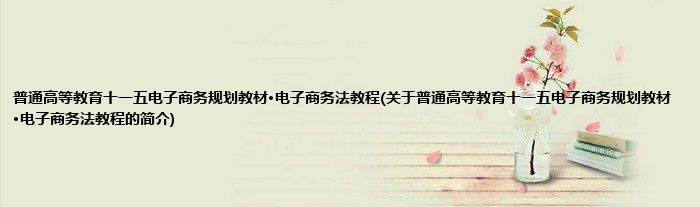 大家好,普通高等教育十一五电子商务规划教材·电子商务法教程,关于普通高等教育十一五电子商务规划教材·电子商务法教程的简介很多人还不知道,现在让我们一起来看看吧!
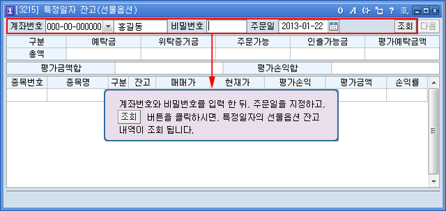 ƯÁ¤ÀÏÀÚÀÇ ¼±¹°¿É¼Ç ÀÜ°í¸¦ Á¶È¸ ÇÒ ¼ö Àִ ȸéÀÔ´Ï´Ù.
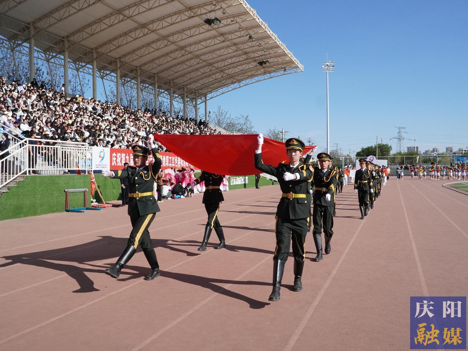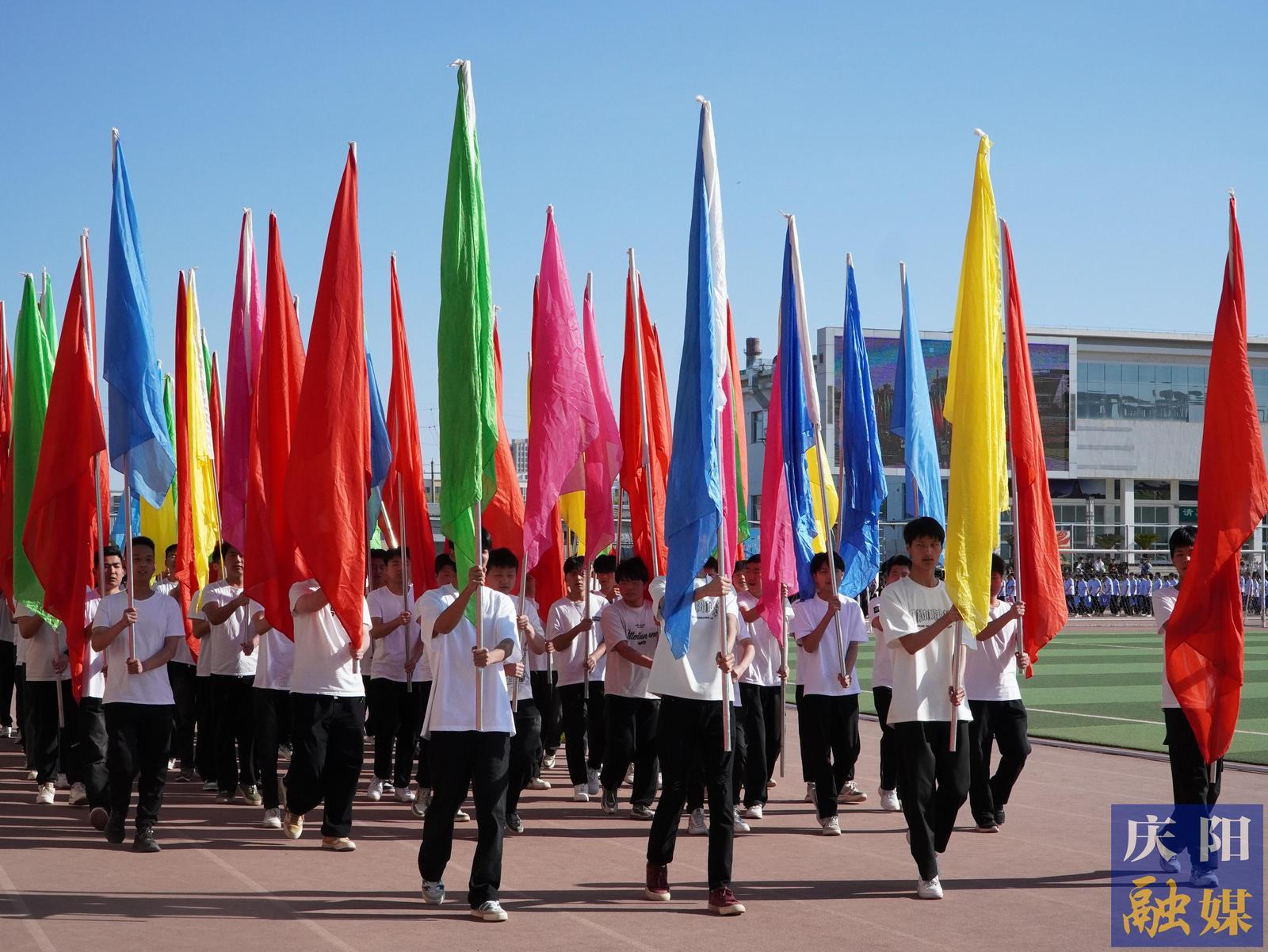 伴隨著鏗鏘的樂曲,國旗護(hù)衛(wèi)隊(duì)高擎五星紅旗率先入場,他們步伐整齊、目光堅(jiān)毅,紅色旗幟上的五顆金星輝映著新時代青年的使命擔(dān)當(dāng)。這支成立于2015年的隊(duì)伍,十年如一日踐行“護(hù)衛(wèi)國旗、報效祖國”的誓言,成為運(yùn)動會上最莊嚴(yán)的風(fēng)景。緊隨其后的是校旗、會徽方陣,慶陽職業(yè)技術(shù)學(xué)院?;罩型信e朝陽的雙手與翻開的書頁,象征著知識與理想的交融,會徽上躍動的數(shù)字“9”與三色環(huán),則彰顯著第九屆運(yùn)動會的團(tuán)結(jié)拼搏與激情澎湃。
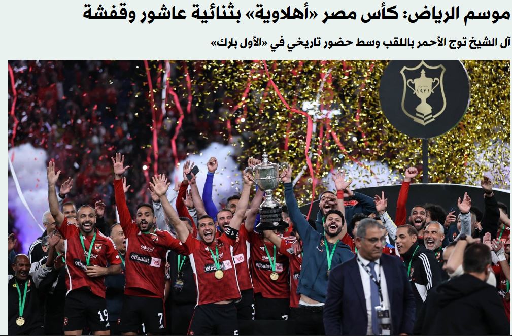 وتابعت أن الرياض أهدت الأفضلية التاريخية للأهلي، بعدما توج الأحمر بلقب كأس مصر للمرة العاشرة على حساب الزمالك.
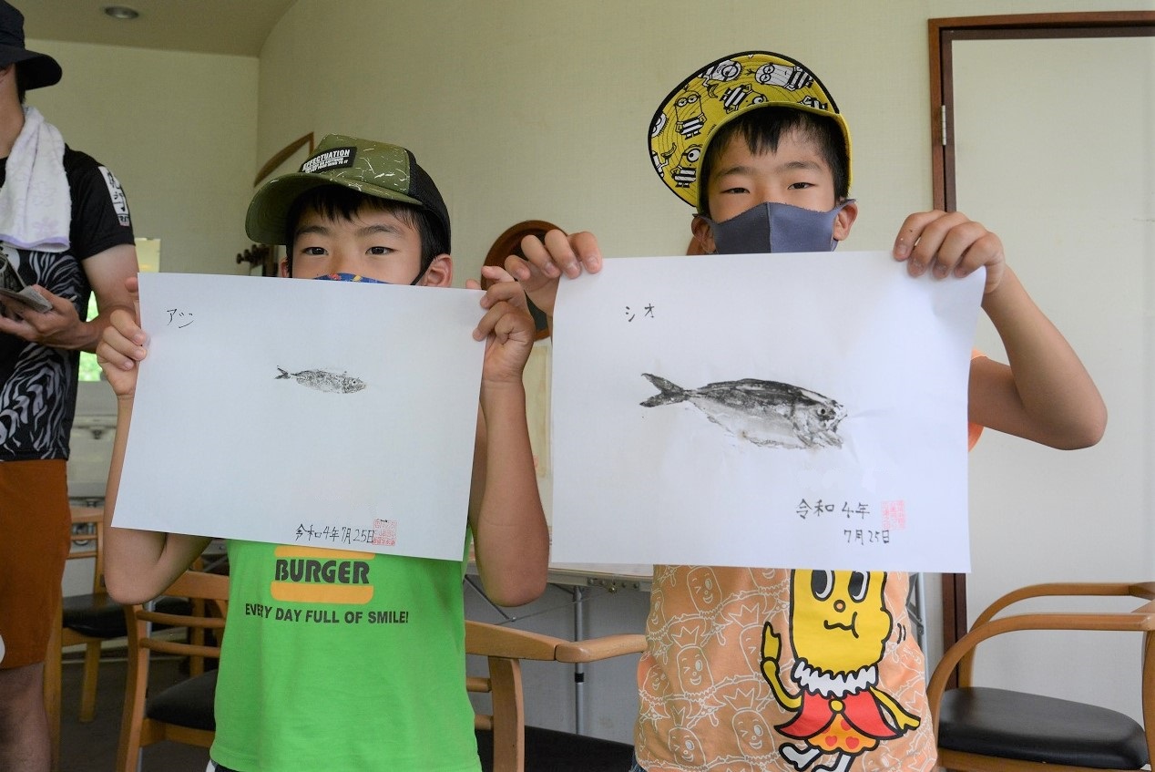 初めての魚拓で皆さん戸惑いつつ頑張っていました、うまくとれたかな?
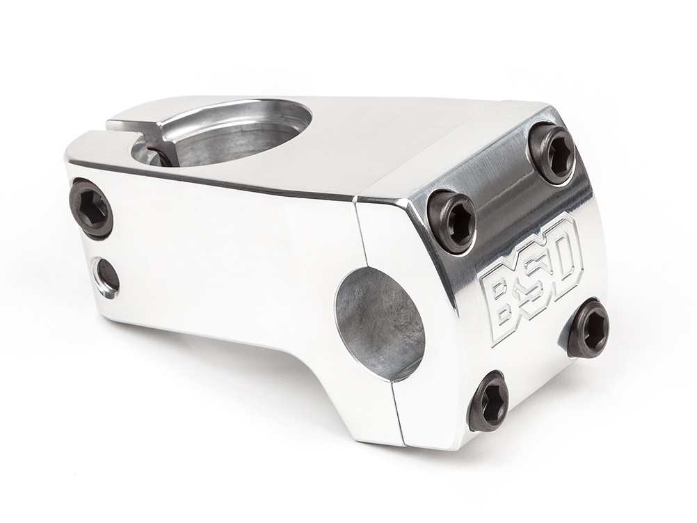 The Dropped stem is BSD's new front load stem, at only 10mm rise it means you can get your bars as low as possible, which is great if you like the shape and look of big bars but not the height. CNC machined from 6061-T6 this stem grips like a vice, especially the newer 1" OS version which has the most clamping power due to the bigger clamping area.
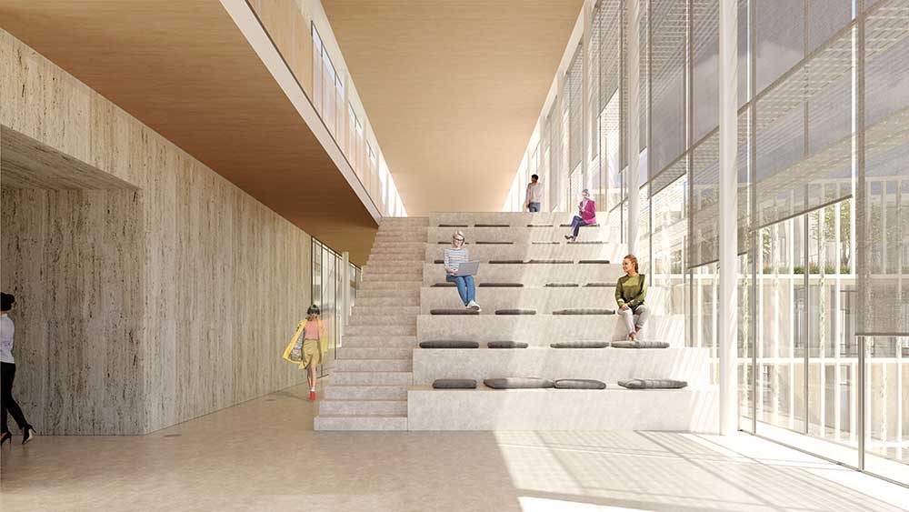 Ampi spazi aperti e aree esterne più raccolte conferiscono al complesso una dimensione quasi domestica, definendo un progetto a misura d’uomo. A sua volta il programma funzionale dà vita a un ambiente innovativo e tecnologico, ma allo stesso tempo informale e accogliente.
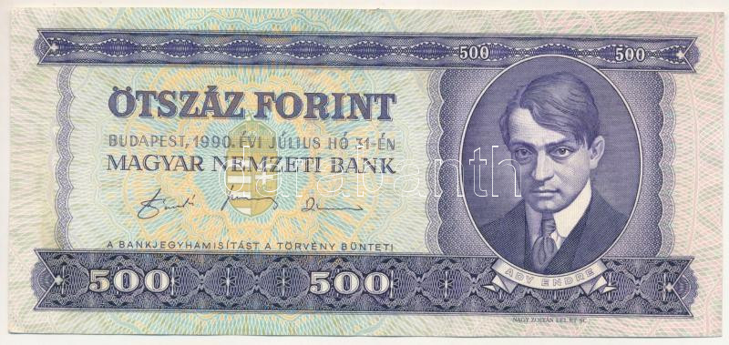 Leírás: 1990. 500Ft "E 093 011662" nyomdai festékfoltok T:F szép papír
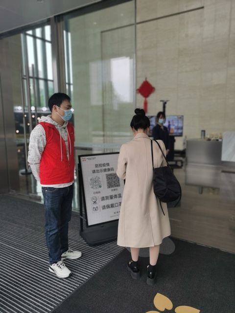 面對突如其來的新一輪嚴(yán)峻疫情,早高峰時期員工進(jìn)入大樓前的雙碼核驗(yàn)和測量體溫工作,導(dǎo)致在入口處排起長隊,影響同事們按時到崗,這給安糧中心物業(yè)管理帶來了難題。安糧團(tuán)委在集團(tuán)黨委的指示下聞令而動、迅速集結(jié),來自集團(tuán)團(tuán)委各下屬支部的團(tuán)員青年志愿者們,在做好個人防護(hù)的基礎(chǔ)上,穿起“紅馬甲”,主動申請投身到疫情防控工作中,大大加快了早高峰通行效率。

* **Exercise description**: Exactly the lines above from the one that contains "ƯÁ¤ÀÏÀÚÀÇ ¼±¹°¿É¼Ç ÀÜ°í¸¦" down to the one that contains "初めての魚拓で皆さん戸惑いつつ頑張っていました、うまくとれたかな?" are to be output, both ends kept and pictures omitted.

* **Result**:
 ƯÁ¤ÀÏÀÚÀÇ ¼±¹°¿É¼Ç ÀÜ°í¸¦ Á¶È¸ ÇÒ ¼ö Àִ ȸéÀÔ´Ï´Ù.
 伴隨著鏗鏘的樂曲,國旗護(hù)衛(wèi)隊(duì)高擎五星紅旗率先入場,他們步伐整齊、目光堅(jiān)毅,紅色旗幟上的五顆金星輝映著新時代青年的使命擔(dān)當(dāng)。這支成立于2015年的隊(duì)伍,十年如一日踐行“護(hù)衛(wèi)國旗、報效祖國”的誓言,成為運(yùn)動會上最莊嚴(yán)的風(fēng)景。緊隨其后的是校旗、會徽方陣,慶陽職業(yè)技術(shù)學(xué)院?;罩型信e朝陽的雙手與翻開的書頁,象征著知識與理想的交融,會徽上躍動的數(shù)字“9”與三色環(huán),則彰顯著第九屆運(yùn)動會的團(tuán)結(jié)拼搏與激情澎湃。
 وتابعت أن الرياض أهدت الأفضلية التاريخية للأهلي، بعدما توج الأحمر بلقب كأس مصر للمرة العاشرة على حساب الزمالك.
 初めての魚拓で皆さん戸惑いつつ頑張っていました、うまくとれたかな?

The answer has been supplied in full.